When Greece Fails?

How do you prepare for a massive default that the EU says won’t happen, many have bet against, and yet common sense seems to sustain?

Bank of America Merrill Lynch has looked into filling trucks with cash and sending them over the Greek border so clients can continue to pay local employees and suppliers in the event money is unavailable. Ford has configured its computer systems so they will be able to immediately handle a new Greek currency.

No one knows just how broad the shock waves from a Greek exit would be, but big American banks and consulting firms have also been doing a brisk business advising their corporate clients on how to prepare for a splintering of the euro zone.
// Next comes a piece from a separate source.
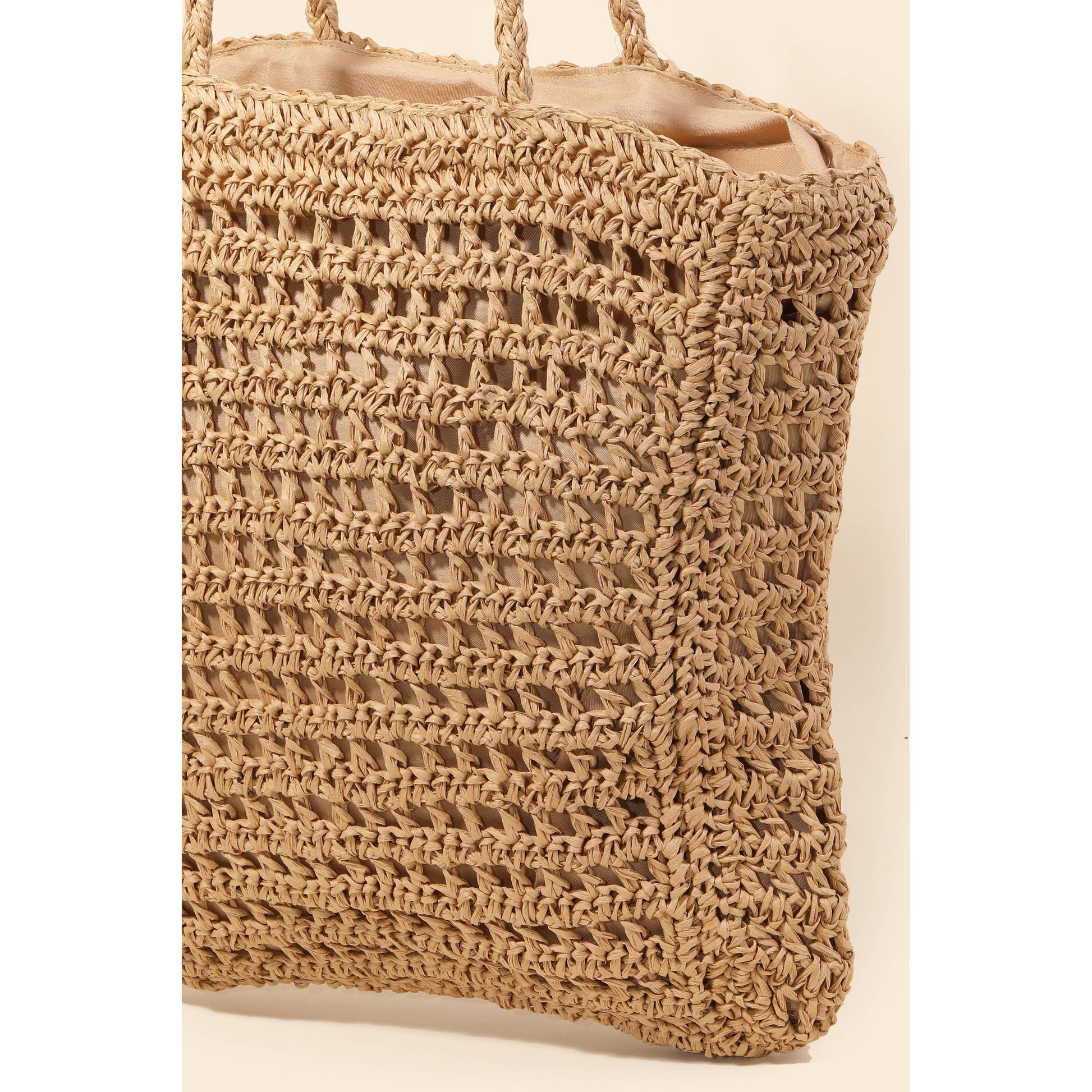 Perfect for any fashion-forward individual, this tote bag evokes a captivating straw braided beach design. This item is perfect for adding some color and vibrancy to any outfit. Available in IV and KA. This tote bag approximately measures: Length: 16 Inches Height: 16 Inches

via U.S. Companies Conduct Fire Drills in Case Greece Exits Euro – NYTimes.com.

And in a related story, we see the similar weakening–and human turmoil–beginning in Spain and after the fact in Irish real estate.


5 thoughts on “When Greece Fails?”

  1. Why hasn’t the European economic crisis been more of an issue in our own presidential debates? Are we so naïve as a nation that we believe that even in a world as interconnected as our own the US won’t be harmed by a Greek exit from the EU? Why aren’t Obama and Romney discussing how they will react when Greece fails?

  2. Walking in the streets of Athens a year ago felt like strolling around the no so charming metropolitan areas of Sao Paulo, minus the Acropolis. Food prices were the lowest I will probably ever find in a major Europe destination. Lodging prices were not bad either and it was easy to tell that the average population was struggling economically just as much as the people in my own country. Although it saddens me to see such a marvelous country in peril, it gives me the sense that Greece and probably most wealthy countries in the world, needs a reality check. Ever crescent housing prices, mindless spending, non-existing savings, it is not sustainable, but it is a recipe for disaster. Although Greece’s threat to part from the European Union sounds alarming and dangerous for the health and success of the European Union, it may serve as an example of how things may turn out if the other EU members are not careful with their economic decisions going forward. (http://online.wsj.com/article/SB10000872396390444273704577636950491117934.html)

  3. Things in Greece are definitely looking pretty bleak. If the Greek economy does fail, it will be interesting to see how the rest of the EU deals with this crisis. The failure of any constituents of the EU will greatly impact the US – if the euro fails, the dollar won’t fair too well considering the EU is a biggest trade partner. It’s also interesting to note that the problems facing Greece are not isolated events. Spain and Italy are also on the brink of a financial crisis – Spain’s unemployment rate is at a record high and its banks are beginning to prepare by provided the peseta (the currency used by Spain before the euro.) Iceland experienced a similar financial crisis in 2008 and things are getting better – I don’t see the euro failing, but I do think that some countries are no longer going to be members of the EU by the end of this decade.

  4. This to me is an interesting situation in which companies have to plan for a change that might never happen nor do they know what to completely expect. The world needs to take this as a wake up call and start to look at nations economies more seriously. I agree with Katia that a reality check could be a good thing in the long run. We need to look more seriously at how to manage the worlds money and get savings/debt in order along with the unemployment rates.

  5. It is really interesting how many companies are taking actions with respect to the possibility of Greece leaving the EU and therefore acquiring a new currency. Although Greece’s change in currency might not affect greatly American companies, it would be important to recognize that it will take around four months for Greece to change the currency. The consequences of the change in currency are greater since there would be higher inflation and the currency will lose its value. These consequences would have an impact on many companies no matter what. BBC News has an article called How would Greece leave the Euro, which states many of the difficulties that come with the change in currency. At this point many do not know what would happen with Greece since it would be really complicated for them to change the currency but at the same time it would be a problem if they default. Right now, the actions of American companies such as JPMorgan chase are necessary so whatever happens with Greece will not affect them greatly.